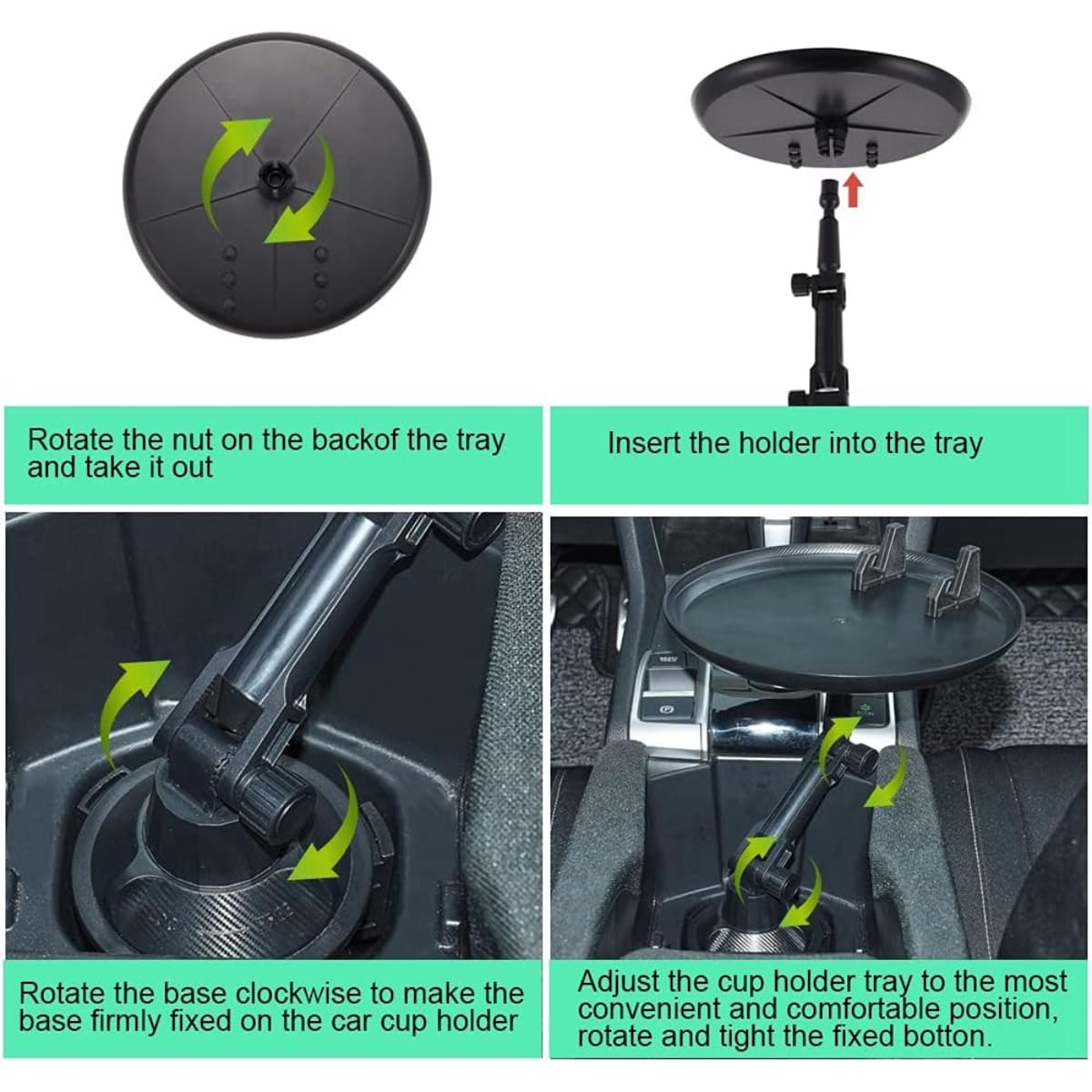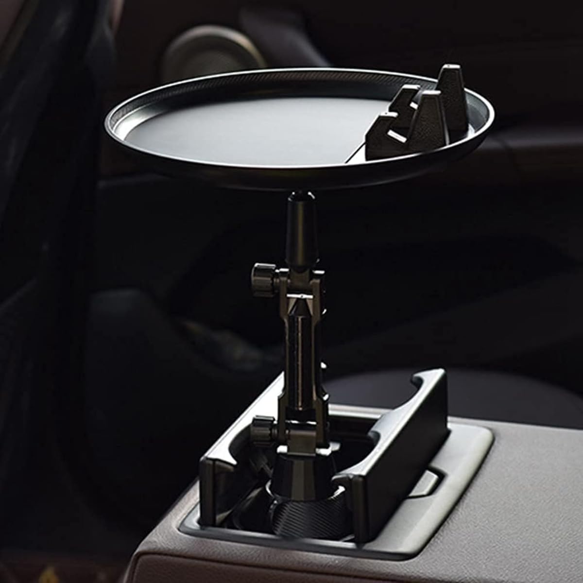 Versatile and Durable: Crafted from durable materials, this tray table fits various cup holder sizes, providing car phone holder a stable surface for laptops, meals, or drinks, ensuring a clutter-free car interior.
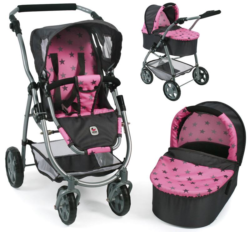 - Moderní kombinovaný kočárek pro panenky - hluboká korba a sportovní sedačka
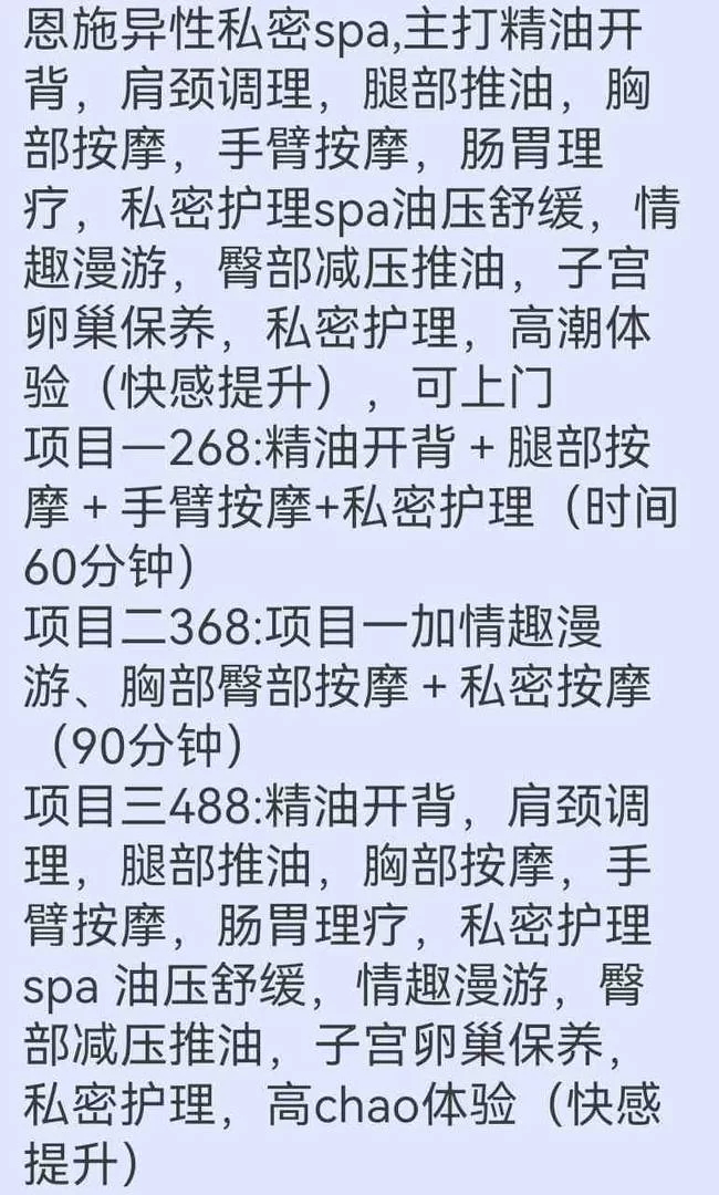 恩施异性私密spa,主打精油开背,肩颈调理,腿部推油,胸部按摩,手臂按摩,肠胃理疗,私密护理spa油压舒缓,情趣漫游,臀部减压推油,子宫卵巢保养,私密护理。 [增加联系方式] 2026-03-15 0 恩施 足浴洗浴
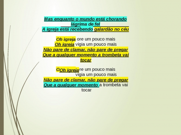 - {2D5ABB26-0587-4C30-8999-92F81FD0307C}Mas enquanto o mundo está chorandolágrima de felA igreja está recebendogalardão no céuOh igrejaore um pouco maisOh igrejavigia um pouco maisNão pare de clamar, não pare de pregarQue a qualquer momento a trombeta vaitocarOh igrejaore um pouco maisOh igrejavigia um pouco maisNão pare de clamar, não pare de pregarQue a qualquer momento a trombeta vaitocar
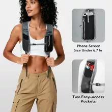 Inspired by running vest designs, this backpack includes two convenient pockets on each shoulder strap. Each pocket can hold a phone up to 6.7 inches, plus cards, cash, or keys. Breathable mesh straps help reduce shoulder fatigue, while reflective details add visibility during early mornings or low-light conditions.
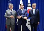 ニューヨークで会談した岩屋毅外相(左)、ルビオ米国務長官(中央)、韓国の趙顕外相。核・ミサイル開発を続ける北朝鮮の非核化を目指す方針を盛り込んだ共同…
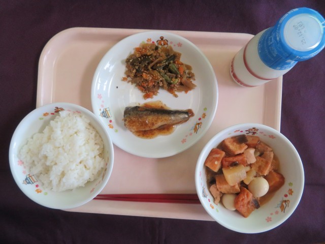 今日の給食は、ごはん 関東煮 いわしの梅煮 茎わかめとごぼうのきんぴら 牛乳 です。
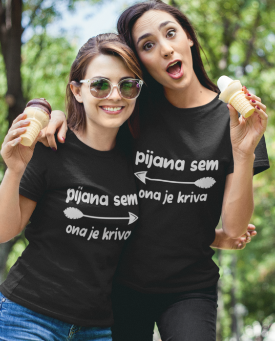 Ko se noč prevesi v “še eno rundo”, ta komplet poskrbi, da vsi vedo, kdo je (uradno) kriv. Črne kratke majice z belim potiskom in puščicama sta popoln tandem za fotke, ples in nepozabne inside joke trenutke. Oblecita jih in si zagotovita smeh, kjerkoli se pojavita.
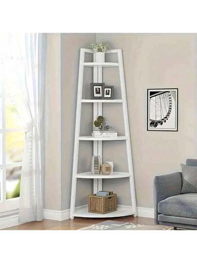 6. 5-Tier Scandinavian Style Mini Corner Shelf - Fashionable White, Lightweight PP Material, Multi-Functional Home, Office And Balcony Storage, Suitable For Books, Toys And Decor, Space-Saving Design, Vertical Bookshelf

→ Your instructions
Exclude the pictures and write out exactly the lines from the one holding "enquanto o mundo" through the end of the entries, inclusive, and only those.

→ Response for this exercise
 - {2D5ABB26-0587-4C30-8999-92F81FD0307C}Mas enquanto o mundo está chorandolágrima de felA igreja está recebendogalardão no céuOh igrejaore um pouco maisOh igrejavigia um pouco maisNão pare de clamar, não pare de pregarQue a qualquer momento a trombeta vaitocarOh igrejaore um pouco maisOh igrejavigia um pouco maisNão pare de clamar, não pare de pregarQue a qualquer momento a trombeta vaitocar
 Inspired by running vest designs, this backpack includes two convenient pockets on each shoulder strap. Each pocket can hold a phone up to 6.7 inches, plus cards, cash, or keys. Breathable mesh straps help reduce shoulder fatigue, while reflective details add visibility during early mornings or low-light conditions.
 ニューヨークで会談した岩屋毅外相(左)、ルビオ米国務長官(中央)、韓国の趙顕外相。核・ミサイル開発を続ける北朝鮮の非核化を目指す方針を盛り込んだ共同…
 今日の給食は、ごはん 関東煮 いわしの梅煮 茎わかめとごぼうのきんぴら 牛乳 です。
 Ko se noč prevesi v “še eno rundo”, ta komplet poskrbi, da vsi vedo, kdo je (uradno) kriv. Črne kratke majice z belim potiskom in puščicama sta popoln tandem za fotke, ples in nepozabne inside joke trenutke. Oblecita jih in si zagotovita smeh, kjerkoli se pojavita.
 6. 5-Tier Scandinavian Style Mini Corner Shelf - Fashionable White, Lightweight PP Material, Multi-Functional Home, Office And Balcony Storage, Suitable For Books, Toys And Decor, Space-Saving Design, Vertical Bookshelf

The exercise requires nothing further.